# freshwater clam



## sharpie44 (Jul 26, 2009)

I have a small freshwater clam in my tank at the moment but I was wondering if anyone has ever taken a wiled freshwater clam and stuck it in there tank.

We have lots of them in ohio. I was thinking about taking a small one out over the river and plopping it in my tank.

I don't know if this is a dumb idea or not. It would look cool but i have a nice tank set up going at the moment and i don't want to mess up the ecosystem with a nutty experiment.


----------



## sharpie44 (Jul 26, 2009)

Well I did more resurch and I'm not positive but it looks like these clams eat small fish.

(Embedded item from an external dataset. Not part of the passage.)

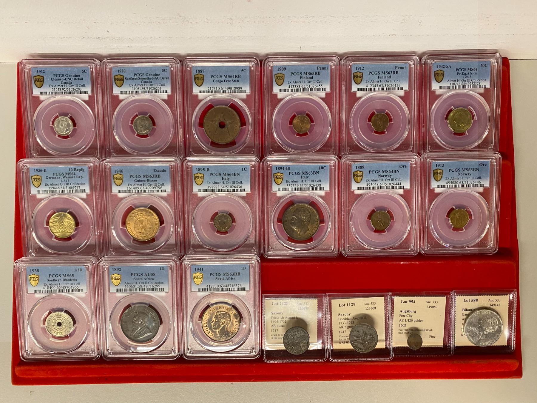 WORLDWIDE: LOT of 19 coins, a diverse group of PCGS graded coins including; Canada AR 5 cents 1912 UNC details, AR 5 cents 1920 AU details, Congo Free State AE 5 centimes 1887 MS-64RB, Finland AE penni 1909 MS-65RB, AE penni 1912 MS-63RB, French Equatorial Africa 50 centimes 1942-SA MS-64, Germany 10 reichspfennig 1936-E MS-64, Portuguese Guinea AE escudo 1946 MS-63RB, Italy AE centesimo 1895-R mS-64BN, AE 10 centesimi 1894-BI MS-63BN, Norway AE ore 1889 MS-64BN, AE ore 1913 MS-63BN, Southern Rhodesia ½ penny 1938 MS-65,South Africa AE penny 1892 AU-58, AE penny 1941 MS-63RB, plus some 'raw' coins Augsberg AE 1/420 gulden 1608 Fine, Saxony AR 2 groschen 1747 Fine, AR ducat 1717 off metal strike Fine, and Bikanir AR rupee 1892 XF, a lovely group of slabbed coins, retail value $750, lot of 19 coins, ex Almer H. Orr III Collection.

I thought they were filter feeders but apparently not. I'll have to look into it more.


----------



## Cody (Dec 22, 2007)

Well you shouldn't have a FW clam in a tank, period. Aquariums can not produce food that is small enough and enough in quantities for the clam to survive. And don't ever take anything from the wild to use in your tank.


----------



## sharpie44 (Jul 26, 2009)

Cody said:


> Well you shouldn't have a FW clam in a tank, period. Aquariums can not produce food that is small enough and enough in quantities for the clam to survive. And don't ever take anything from the wild to use in your tank.



Well I understand the need to not take from the wild but there are a tun of these things. I suppose it's also a health issue for my fish if there are any parasites.

Ya it was a bad idea but I don't know why it's a bad idea to have fresh water clams.

They do just fine in my tank. I had a bamboo shrimp filter feeder in there as well for about a year. I just added some filter feeder food every once in a while and they did fine. The bamboo shrimp did bite the bullet eventually but he had a good run.

I'm no expert so I could be wrong but filter feeders seem to do fine in my tank.


----------



## Cody (Dec 22, 2007)

To keep FW clams, you need almost 100% green water. There is no man-made food that can support them.

It's like feather dusters. You buy them, and they are huge. Over time, they get smaller and smaller, even though you can't tell, and eventually die. It's the same with clams, except the just get weaker and not as healthy. 

And Bamboo Shrimp are not a close comparison at all. They can take whatever they need from a straight outflow of a filter, and still consume algae/flakes/etc. Clams are not mobile and require completley from the water they are in.


----------



## Pasfur (Mar 29, 2008)

Cody said:


> To keep FW clams, you need almost 100% green water. There is no man-made food that can support them.
> 
> It's like feather dusters. You buy them, and they are huge. Over time, they get smaller and smaller, even though you can't tell, and eventually die. It's the same with clams, except the just get weaker and not as healthy.
> 
> And Bamboo Shrimp are not a close comparison at all. They can take whatever they need from a straight outflow of a filter, and still consume algae/flakes/etc. Clams are not mobile and require completley from the water they are in.


+1.


----------



## nomel (Jul 20, 2009)

Hrmm...have four clams in my freshwater tank for about 3 months now...with new growth lines on their shells! Maybe I'm lucky? Although...the lake I've got them from was FAR from green water...very clear actually...maybe a less hungry species?


----------



## aquakid (Jun 22, 2008)

id go for it but iman idiot dont listen to me


----------